I read about a million birth stories before labour started and researched natural child birth in every book, magazine, documentary and professional person I could get my hands on. This is my journey on how I went through pregnancy and birth to get to my little Benny.
Dec 2010 I was a regular working gal with a husband and beating around the bush on if it was time to take that step. My husband Ed was game but I felt I still had some waiting to do. Thinking it would take forever to get pregnant I ditched the birth control and automatically assumed I was infertile and it would take forever to concieve. Jan 12 I realized I was late, hmmm, total denial. Ya I was peeing all the time, nausaus, tired and period free but no way I was pregnant, where was my bump lol?
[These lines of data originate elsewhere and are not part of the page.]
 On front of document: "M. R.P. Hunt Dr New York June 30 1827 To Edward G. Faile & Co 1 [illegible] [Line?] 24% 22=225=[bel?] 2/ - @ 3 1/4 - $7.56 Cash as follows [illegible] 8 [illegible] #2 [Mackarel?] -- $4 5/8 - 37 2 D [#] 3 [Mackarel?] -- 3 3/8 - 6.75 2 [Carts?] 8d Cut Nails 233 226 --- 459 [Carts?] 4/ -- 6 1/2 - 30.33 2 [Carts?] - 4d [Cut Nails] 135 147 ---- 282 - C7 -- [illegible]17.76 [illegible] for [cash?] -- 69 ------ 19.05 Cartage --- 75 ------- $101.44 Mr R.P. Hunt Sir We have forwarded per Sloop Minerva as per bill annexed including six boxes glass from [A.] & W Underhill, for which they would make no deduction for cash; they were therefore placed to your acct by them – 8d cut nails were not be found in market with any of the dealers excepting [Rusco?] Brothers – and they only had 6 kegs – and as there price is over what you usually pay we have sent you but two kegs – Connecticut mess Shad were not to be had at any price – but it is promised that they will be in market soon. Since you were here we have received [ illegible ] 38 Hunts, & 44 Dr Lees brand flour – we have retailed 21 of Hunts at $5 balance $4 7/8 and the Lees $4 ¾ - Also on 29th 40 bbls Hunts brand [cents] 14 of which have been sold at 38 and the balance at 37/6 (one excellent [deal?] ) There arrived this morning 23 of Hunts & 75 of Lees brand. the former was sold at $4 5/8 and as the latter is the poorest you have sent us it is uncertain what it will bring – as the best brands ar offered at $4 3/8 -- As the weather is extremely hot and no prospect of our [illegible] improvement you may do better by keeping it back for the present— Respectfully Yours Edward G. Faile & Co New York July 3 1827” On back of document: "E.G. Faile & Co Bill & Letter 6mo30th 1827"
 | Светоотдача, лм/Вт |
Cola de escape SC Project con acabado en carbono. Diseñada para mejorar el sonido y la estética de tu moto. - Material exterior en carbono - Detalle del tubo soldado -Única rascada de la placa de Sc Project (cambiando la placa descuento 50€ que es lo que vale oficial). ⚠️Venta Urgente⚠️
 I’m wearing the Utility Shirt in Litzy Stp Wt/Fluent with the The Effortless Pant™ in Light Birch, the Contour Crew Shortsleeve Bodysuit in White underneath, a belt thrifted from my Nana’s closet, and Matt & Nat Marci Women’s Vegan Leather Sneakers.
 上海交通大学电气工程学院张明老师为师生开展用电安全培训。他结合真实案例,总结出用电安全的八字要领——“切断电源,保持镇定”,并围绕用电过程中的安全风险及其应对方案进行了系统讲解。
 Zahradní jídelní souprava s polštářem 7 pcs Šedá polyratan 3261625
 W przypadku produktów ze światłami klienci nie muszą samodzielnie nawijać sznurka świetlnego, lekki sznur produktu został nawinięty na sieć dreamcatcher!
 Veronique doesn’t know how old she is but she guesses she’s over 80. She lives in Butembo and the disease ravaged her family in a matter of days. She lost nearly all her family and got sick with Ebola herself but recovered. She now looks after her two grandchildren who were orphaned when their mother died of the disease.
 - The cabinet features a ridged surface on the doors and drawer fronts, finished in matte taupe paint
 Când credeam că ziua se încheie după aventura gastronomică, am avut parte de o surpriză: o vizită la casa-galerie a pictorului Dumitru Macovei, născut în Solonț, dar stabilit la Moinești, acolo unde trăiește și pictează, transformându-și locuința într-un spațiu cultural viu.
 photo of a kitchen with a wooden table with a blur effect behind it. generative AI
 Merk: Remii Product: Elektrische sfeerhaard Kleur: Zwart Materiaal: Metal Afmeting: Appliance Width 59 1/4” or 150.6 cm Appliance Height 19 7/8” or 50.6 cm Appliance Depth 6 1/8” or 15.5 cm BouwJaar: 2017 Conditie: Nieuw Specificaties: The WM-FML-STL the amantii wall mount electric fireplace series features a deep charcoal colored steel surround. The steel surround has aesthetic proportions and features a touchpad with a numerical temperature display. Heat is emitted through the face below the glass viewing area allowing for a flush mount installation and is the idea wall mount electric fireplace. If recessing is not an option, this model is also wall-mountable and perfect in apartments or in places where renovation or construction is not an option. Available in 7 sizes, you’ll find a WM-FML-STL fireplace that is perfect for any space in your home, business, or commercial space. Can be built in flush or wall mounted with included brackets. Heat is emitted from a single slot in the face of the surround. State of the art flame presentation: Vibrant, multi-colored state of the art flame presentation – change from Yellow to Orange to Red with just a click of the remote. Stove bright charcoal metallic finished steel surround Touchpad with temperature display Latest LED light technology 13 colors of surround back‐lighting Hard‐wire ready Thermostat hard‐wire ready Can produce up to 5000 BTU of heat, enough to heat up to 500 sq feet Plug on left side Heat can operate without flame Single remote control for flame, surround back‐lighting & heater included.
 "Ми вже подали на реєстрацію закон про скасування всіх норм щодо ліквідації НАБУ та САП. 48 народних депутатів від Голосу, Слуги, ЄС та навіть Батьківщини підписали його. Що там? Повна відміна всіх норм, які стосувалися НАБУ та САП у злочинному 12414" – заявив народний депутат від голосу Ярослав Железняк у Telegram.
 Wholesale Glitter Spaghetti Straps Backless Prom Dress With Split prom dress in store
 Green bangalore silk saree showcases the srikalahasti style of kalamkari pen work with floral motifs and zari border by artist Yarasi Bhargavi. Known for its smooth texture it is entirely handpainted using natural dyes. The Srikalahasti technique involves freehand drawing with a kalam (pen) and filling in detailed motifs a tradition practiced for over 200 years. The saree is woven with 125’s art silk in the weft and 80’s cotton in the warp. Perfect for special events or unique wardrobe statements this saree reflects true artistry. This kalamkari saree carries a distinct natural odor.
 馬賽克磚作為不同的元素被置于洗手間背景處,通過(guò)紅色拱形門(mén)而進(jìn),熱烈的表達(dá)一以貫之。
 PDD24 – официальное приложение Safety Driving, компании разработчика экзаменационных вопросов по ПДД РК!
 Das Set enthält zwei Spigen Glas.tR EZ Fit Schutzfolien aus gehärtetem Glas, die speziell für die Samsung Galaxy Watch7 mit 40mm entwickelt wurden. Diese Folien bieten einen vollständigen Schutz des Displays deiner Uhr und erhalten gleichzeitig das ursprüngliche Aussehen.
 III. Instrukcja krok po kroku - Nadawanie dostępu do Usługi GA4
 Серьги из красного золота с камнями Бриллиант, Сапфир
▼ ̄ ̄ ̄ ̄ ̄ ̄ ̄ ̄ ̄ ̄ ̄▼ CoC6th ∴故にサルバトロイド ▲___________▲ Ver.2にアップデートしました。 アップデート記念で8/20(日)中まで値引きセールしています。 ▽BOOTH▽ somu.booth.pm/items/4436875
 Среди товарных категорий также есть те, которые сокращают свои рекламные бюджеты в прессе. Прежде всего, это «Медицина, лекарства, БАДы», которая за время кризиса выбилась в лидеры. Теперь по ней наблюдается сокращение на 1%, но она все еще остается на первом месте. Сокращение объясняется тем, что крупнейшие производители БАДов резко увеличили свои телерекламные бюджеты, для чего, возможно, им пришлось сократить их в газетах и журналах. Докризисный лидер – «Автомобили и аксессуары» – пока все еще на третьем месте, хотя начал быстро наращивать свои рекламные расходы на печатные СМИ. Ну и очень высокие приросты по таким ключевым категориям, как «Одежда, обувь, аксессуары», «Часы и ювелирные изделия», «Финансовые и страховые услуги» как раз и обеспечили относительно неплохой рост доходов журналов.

6 positive pregnany tests later and a doctor who asked why I thought I needed another one or god forbid a blood test I accepted I was pregnant. Not bragging or anything but I had no morning sickness and I felt better then ever, most likely because I immediatly gave up my fancy cigars, hockey beers, weekend wine parties, getting 5 hours of sleep, cut my work week down to 35 hours and actually relaxed and took vitamins. Although I always thought I would be the kind of woman to gorge myself because what the hell I'm pregnant, a massive case of awful stretch marks cured that by 5 months. Oh my goodness Im a tub and they keep making me weigh myself. I started running and felt better then ever. Although I did not enjoy the 40 lbs I put on but know one can feel totally great with a massive sweaty summer weight gain. And being a bridesmaid to a major bridezilla at 9 1/2 months. "oh you can fit a tiny little dress Jess no worries"....b*tch.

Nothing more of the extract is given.